Phi^{1} Ceti

Observation data Epoch J2000.0 Equinox J2000.0 (ICRS)
- Constellation: Cetus
- Right ascension: 00^{h} 44^{m} 11.400^{s}
- Declination: −10° 36′ 34.383″
- Apparent magnitude (V): 4.75

Characteristics
- Evolutionary stage: red clump
- Spectral type: K0 III
- U−B color index: +0.83
- B−V color index: +1.00
- Variable type: suspected

Astrometry
- Radial velocity (R_{v}): +0.33±0.63 km/s
- Proper motion (μ): RA: −9.323 mas/yr Dec.: −113.192 mas/yr
- Parallax (π): 15.1265±0.1043 mas
- Distance: 216 ± 1 ly (66.1 ± 0.5 pc)
- Absolute magnitude (M_{V}): 0.732

Details
- Mass: 1.60 M_{☉}
- Radius: 11 R_{☉}
- Luminosity: 54 L_{☉}
- Surface gravity (log g): 2.7 cgs
- Temperature: 4,775±5 K
- Metallicity [Fe/H]: −0.16 dex
- Rotational velocity (v sin i): 2.3 km/s
- Age: 2.21 Gyr
- Other designations: φ^{1} Cet, 17 Ceti, NSV 278, BD−11°128, FK5 2048, HD 4188, HIP 3455, HR 194, SAO 147423

Database references
- SIMBAD: data

= Phi1 Ceti =

Star in the constellation Cetus

Phi^{1} Ceti is a single star located in the equatorial constellation of Cetus. It is visible to the naked eye with an apparent visual magnitude of +4.78. Based upon an annual parallax shift of 15.1 mas, it is located about 216 ly from the Sun. Based upon the motion of this star through space, Phi^{1} Ceti is a probable member of the proposed Wolf 630 moving group. This is a set of stars centered on Wolf 630 that are moving nearly in parallel and have an age of around 2.7±0.5 billion years. They may be former members of a dissolved open cluster.

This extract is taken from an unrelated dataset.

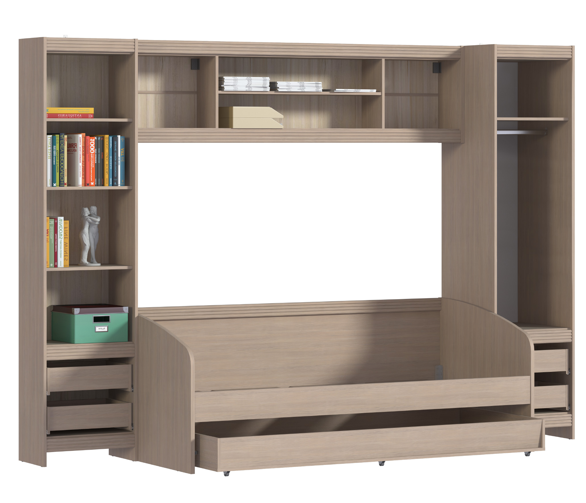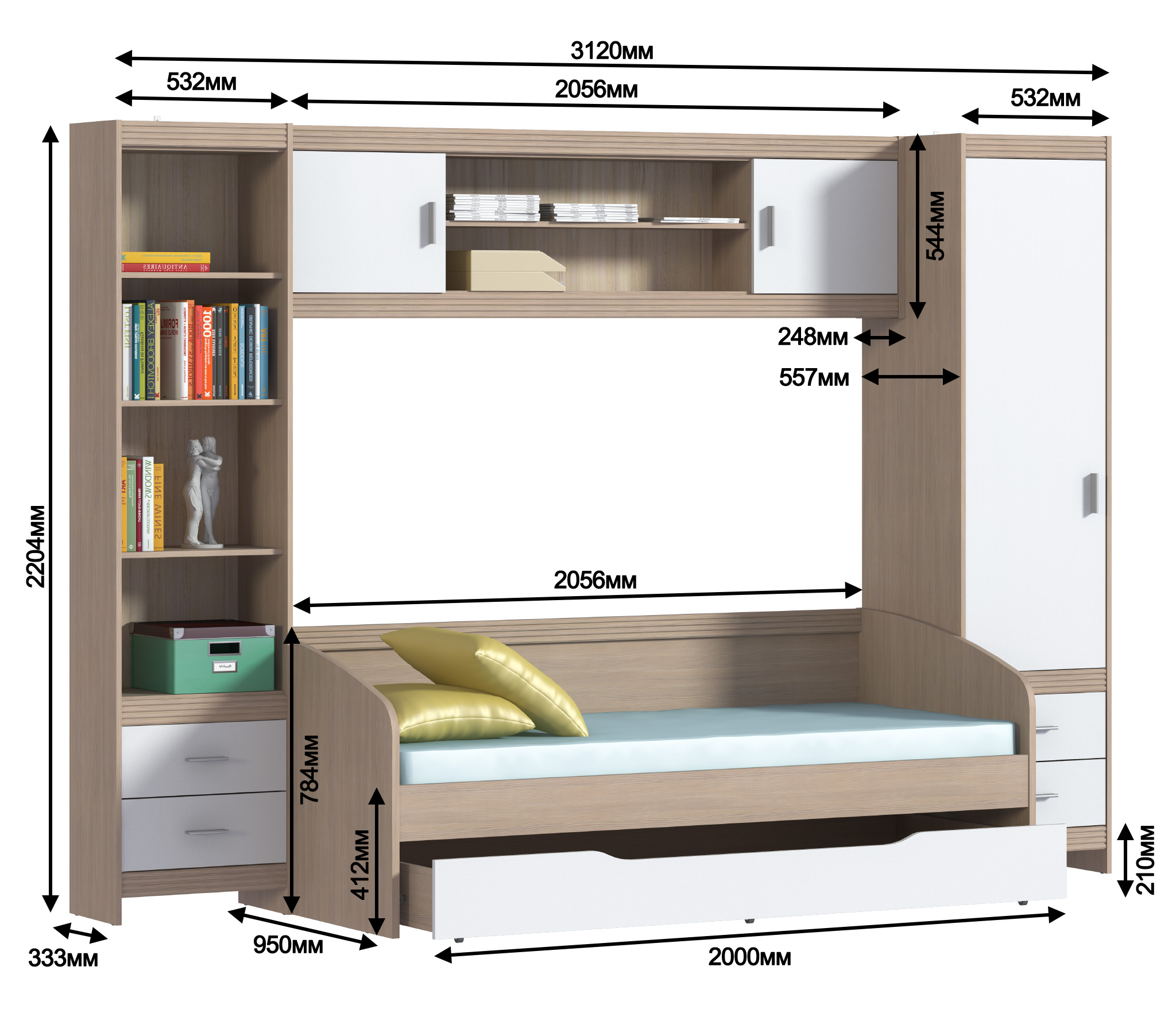 Дакота СБ-2093 Кровать с ящиком Сосна Авола Шампань,Белый глянец,Белый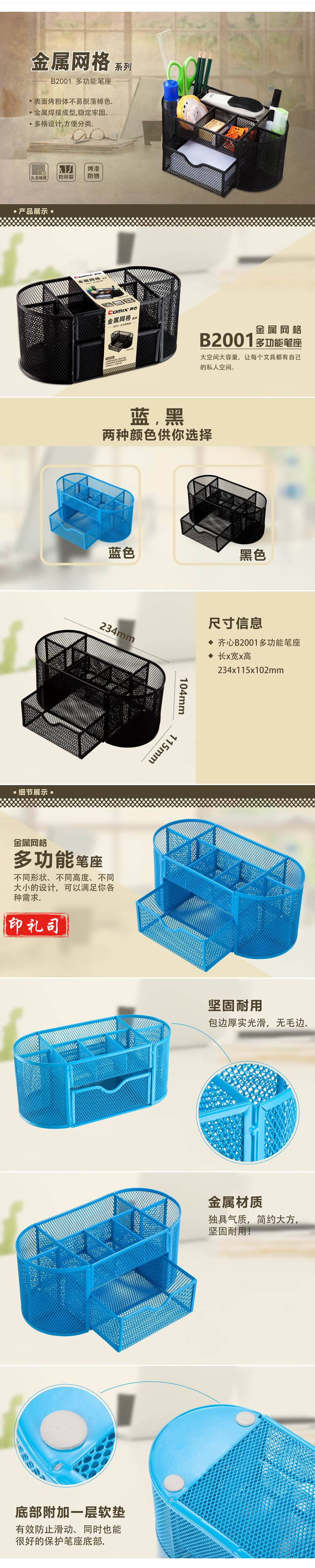 齐心(COMIX) B2001 多功能丝网笔筒

At an age of about 2.21 billion years, Phi^{1} Ceti is an evolved red clump giant star with a stellar classification of K0 III. It is presently on the horizontal branch and is generating energy through the nuclear fusion of helium at its core. The star is suspected of variability; it has been measured to vary between magnitudes 4.75 and 4.78. It has 1.6 times the mass of the Sun and has expanded to 11 times the Sun's radius. The star is radiating 54 times the luminosity of the Sun from its enlarged photosphere at an effective temperature of 4,775 K.